Elit deyince aklınıza hemen Batı tarzını karikatürleştiren hayatlar gelmesin. Ama ayrıcalıklar gelsin. Toplumun diğer kesimlerinden üstün tutulma gelsin. Devlet ihalelerinden işe girişlere, toplum hayatında öne itilmeye dek kayırmacılık gelsin.
Hemen örneklere geçelim. Hayır, kokain içerken görüntüleri çıkan AK Parti bünyesindeki züppelerden de örneğin Boğaziçi Üniversitesinde yapılanların üniversite camiasında yol açtığı sarsıntılardan da söz etmeyeceğim. Onlar zaten vereceği hasarı verdi.
Daha derin izler bırakma ihtimali yüksek örneklere bakalım.
Gece yarısı kararnamesiyle görevden alınan Ticaret Bakanı Ruhsar Pekcan’dan söz ediyorum. Eşi Hasan Pekcan ile Nanoksia isminde şirket kurmuş ve kendi bakanlığına 9 milyon liralık el dezenfektanı satmış. Dünyanın her yerinde bunun adı yolsuzluktur, suçtur. Ama Bakanlık tarafından yapılan açıklamada, büyük bir pişkinlikle, “piyasa fiyatının altında” alım yapıldığı söyleniyordu.

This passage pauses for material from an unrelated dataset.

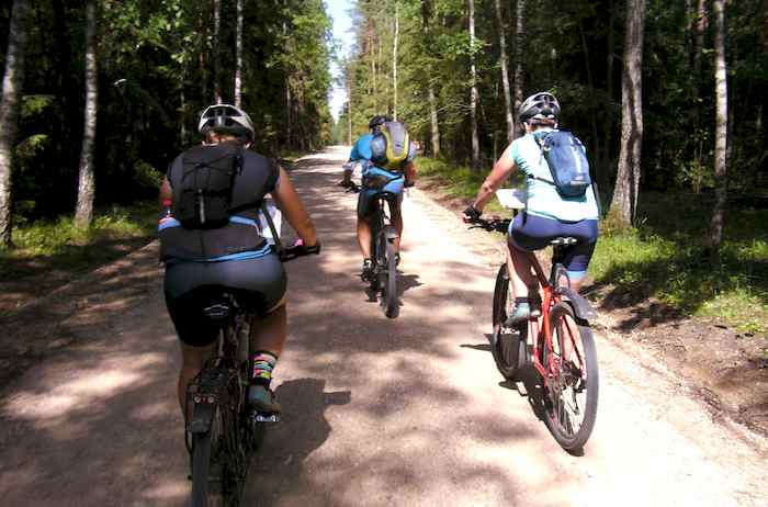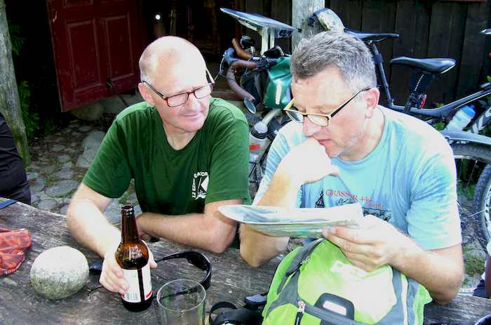 Wczesna pobudka i wyjazd z Łodzi. Na miejscu jesteśmy w godzinach wczesno popołudniowych. Czeka tu na nas zamówiony telefonicznie obiad. Kilka osób świętuje urodziny Organizatora już od wczorajszego wieczora. Ogarniam nocleg, wymieniam uszkodzoną w czasie transportu dętkę. Chwilę waham się gdy Bronek proponuje przejażdżkę po okolicy. Właściwie, dlaczego nie. Przede mną ok. 40 km jazdy i przedsmak tego co czeka mnie już jutrzejszego dnia. Strome podjazdy i szalone szutrowe zjazdy. Na jednym z zakrętów z trudem unikam zjazdu w krzaki. Mijamy miejsca (podobno 4), w których będą znajdowały się punkty kontrolne. Postój przy barze z piwem. Kąpiel w jeziorze Wiżajny. Kolejny sklep. Ktoś zajada się smażonymi rybami. Ja wybieram przepyszne domowe pączki.

Bir örnek vereceğim. 30 Ağustos 2001’de Radikal gazetesinde MHP’li Bayındırlık ve İskân Bakanı Koray Aydın ile bir mülakatım yayınlandı. Kardeşinin inşaat malzemeleri şirketi üzerinden Bakanlığa satış yapıldığı iddiaları üzerine şirketi kayyuma devretmeyi düşünüp düşünmediğini sormuştum. Aydın “Bunu engelleyen bir yasa yok. Ben siyaseti bırakınca nasıl geçineceğim?” demiş, biz de bunu manşetten yayınlamıştık. MHP lideri Devlet Bahçeli 1-2 Eylül Kızılcahamam toplantısında “Ya siyaset ya ticaret” deyince de şimdi İYİ Parti yönetiminde olan Aydın, doğrusunu yapıp Bakanlıktan istifa etmişti.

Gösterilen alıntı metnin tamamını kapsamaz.